DATA SEGMENT:
+++
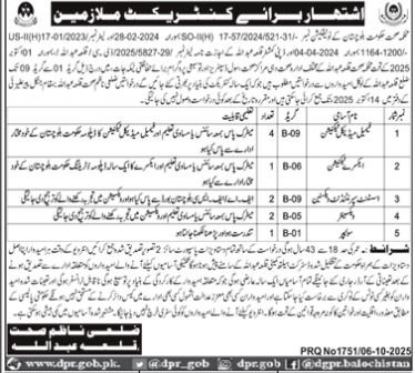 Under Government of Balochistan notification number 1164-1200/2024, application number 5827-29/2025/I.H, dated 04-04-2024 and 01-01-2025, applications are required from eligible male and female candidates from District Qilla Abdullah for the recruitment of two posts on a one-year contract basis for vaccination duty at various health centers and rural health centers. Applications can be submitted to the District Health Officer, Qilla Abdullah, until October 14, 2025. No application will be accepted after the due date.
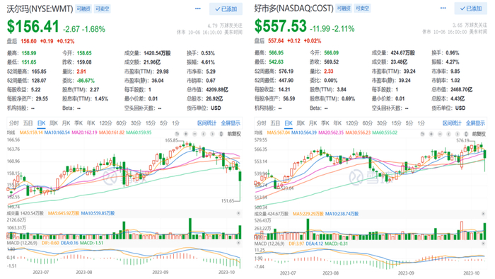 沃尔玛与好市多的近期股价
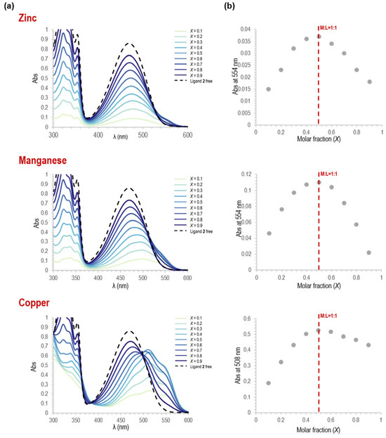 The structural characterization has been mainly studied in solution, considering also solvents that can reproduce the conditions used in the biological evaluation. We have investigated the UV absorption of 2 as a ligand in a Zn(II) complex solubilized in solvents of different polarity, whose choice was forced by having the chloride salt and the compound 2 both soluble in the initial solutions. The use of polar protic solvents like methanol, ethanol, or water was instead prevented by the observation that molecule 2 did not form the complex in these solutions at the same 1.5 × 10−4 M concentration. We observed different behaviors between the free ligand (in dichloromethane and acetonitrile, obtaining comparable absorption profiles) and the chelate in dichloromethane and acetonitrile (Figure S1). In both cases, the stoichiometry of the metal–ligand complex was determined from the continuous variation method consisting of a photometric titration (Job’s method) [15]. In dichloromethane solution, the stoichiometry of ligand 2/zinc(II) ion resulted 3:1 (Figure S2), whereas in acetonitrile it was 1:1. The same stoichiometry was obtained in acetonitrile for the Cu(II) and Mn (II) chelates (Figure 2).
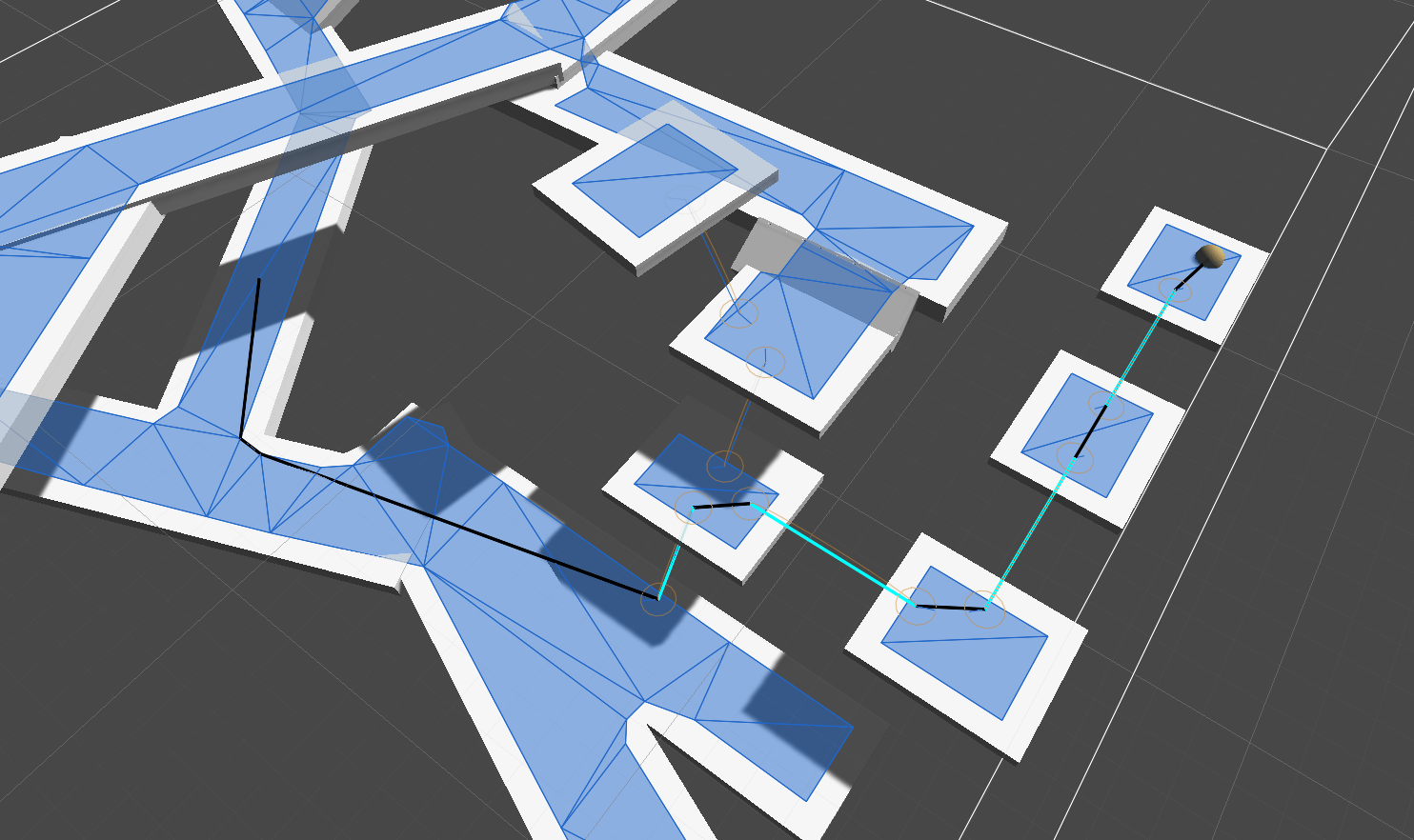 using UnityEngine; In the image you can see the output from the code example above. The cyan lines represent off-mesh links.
+++
TASK BRIEF: A verbatim copy of the listing is required, with all pictures left out.

TASK ANSWER:
 Under Government of Balochistan notification number 1164-1200/2024, application number 5827-29/2025/I.H, dated 04-04-2024 and 01-01-2025, applications are required from eligible male and female candidates from District Qilla Abdullah for the recruitment of two posts on a one-year contract basis for vaccination duty at various health centers and rural health centers. Applications can be submitted to the District Health Officer, Qilla Abdullah, until October 14, 2025. No application will be accepted after the due date.
 沃尔玛与好市多的近期股价
 The structural characterization has been mainly studied in solution, considering also solvents that can reproduce the conditions used in the biological evaluation. We have investigated the UV absorption of 2 as a ligand in a Zn(II) complex solubilized in solvents of different polarity, whose choice was forced by having the chloride salt and the compound 2 both soluble in the initial solutions. The use of polar protic solvents like methanol, ethanol, or water was instead prevented by the observation that molecule 2 did not form the complex in these solutions at the same 1.5 × 10−4 M concentration. We observed different behaviors between the free ligand (in dichloromethane and acetonitrile, obtaining comparable absorption profiles) and the chelate in dichloromethane and acetonitrile (Figure S1). In both cases, the stoichiometry of the metal–ligand complex was determined from the continuous variation method consisting of a photometric titration (Job’s method) [15]. In dichloromethane solution, the stoichiometry of ligand 2/zinc(II) ion resulted 3:1 (Figure S2), whereas in acetonitrile it was 1:1. The same stoichiometry was obtained in acetonitrile for the Cu(II) and Mn (II) chelates (Figure 2).
 using UnityEngine; In the image you can see the output from the code example above. The cyan lines represent off-mesh links.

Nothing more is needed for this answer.